Britain frustrated by political, economic tumult as Liz Truss quits
Many Friday-morning commuters appeared to be grappling with the thought that their political landscape was more shambolic than they had imagined, a little over a month since the death of Britain’s longest-serving monarch, Queen Elizabeth II. And politics aside, they voiced similar concerns about the future.
“We don’t feel that anybody’s actually taking action,” Barclay said. “And we’re getting to winter, and the bills are just going up and up and up.”
Liz Truss’s abrupt resignation Thursday, only six weeks into her term, once again opened the race for someone to lead the country through record inflation, forecasts of a recession, and policy questions about immigration, climate change and the war in Ukraine.
“It’s a worrying time.
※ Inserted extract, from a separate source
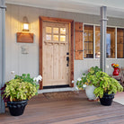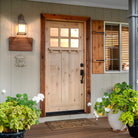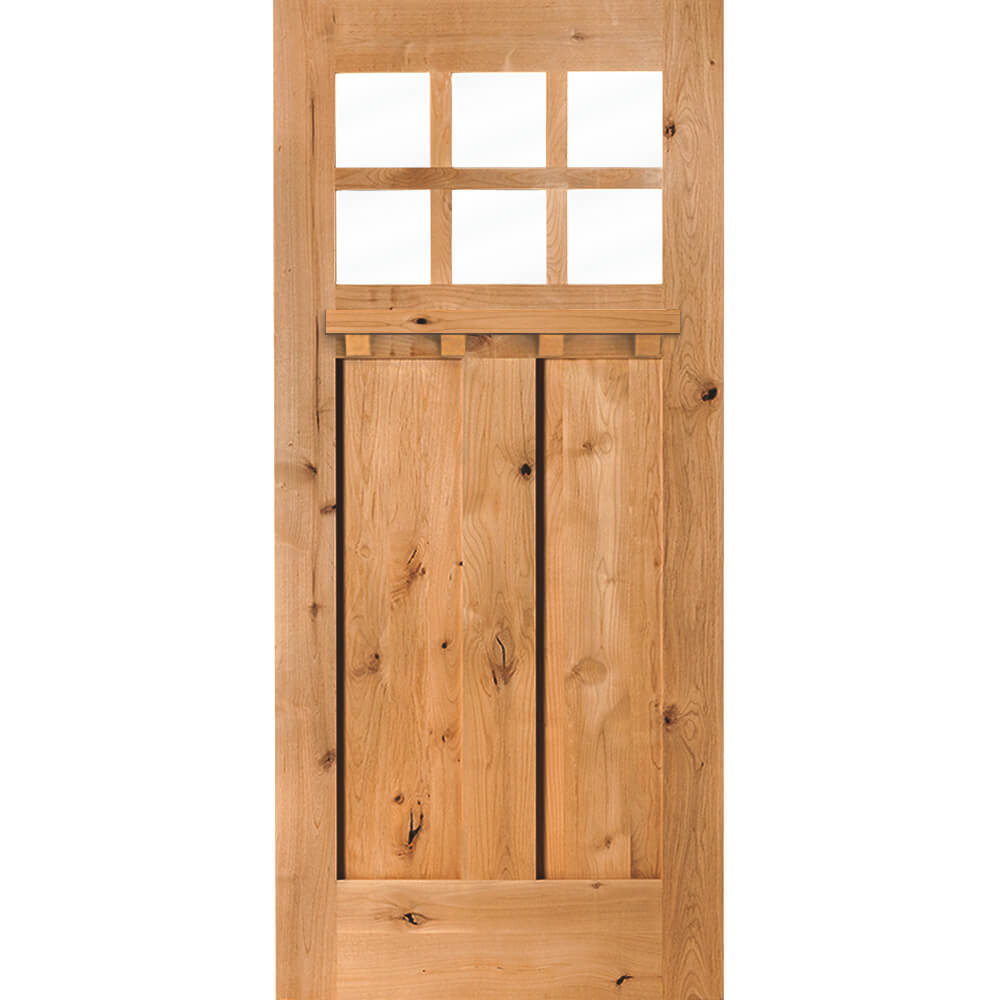 A high value home deserves a high value entryway, and the American Craftsman Knotty Alder 6 Lite Clear Glass Window Front Door from Krosswood Doors embraces handcrafted design and superior quality construction. Every solid wood door is engineered for strength and longevity, and features natural wood grain, unique knotting, a decorative dentil shelf, and six clear beveled glass panels to allow natural light into your home. Find your perfect fit today with our customizable size, layout, and stain options.

They spent the summer going through this campaign of who was going to win, and chaos ensued as soon as she came into office,” said Lucy Waller, who works in event planning and has two children. “And now I worry about what the next few days are going to look like.”
The British papers blasted Truss’s brief spell in office. “THE WORST PM WE’VE EVER HAD,” one headline screamed.
Others had already moved on from Truss, featuring the tumult in the Conservative Party, and photos of her predecessor Boris Johnson, whose July resignation after scandals piled up was no less dramatic. Speculation about his return to the helm now has triggered another shock wave.
The left-leaning Mirror plastered the words “GENERAL ELECTION NOW” on its entire front page — a demand the Labour Party and other opposition politicians have called for.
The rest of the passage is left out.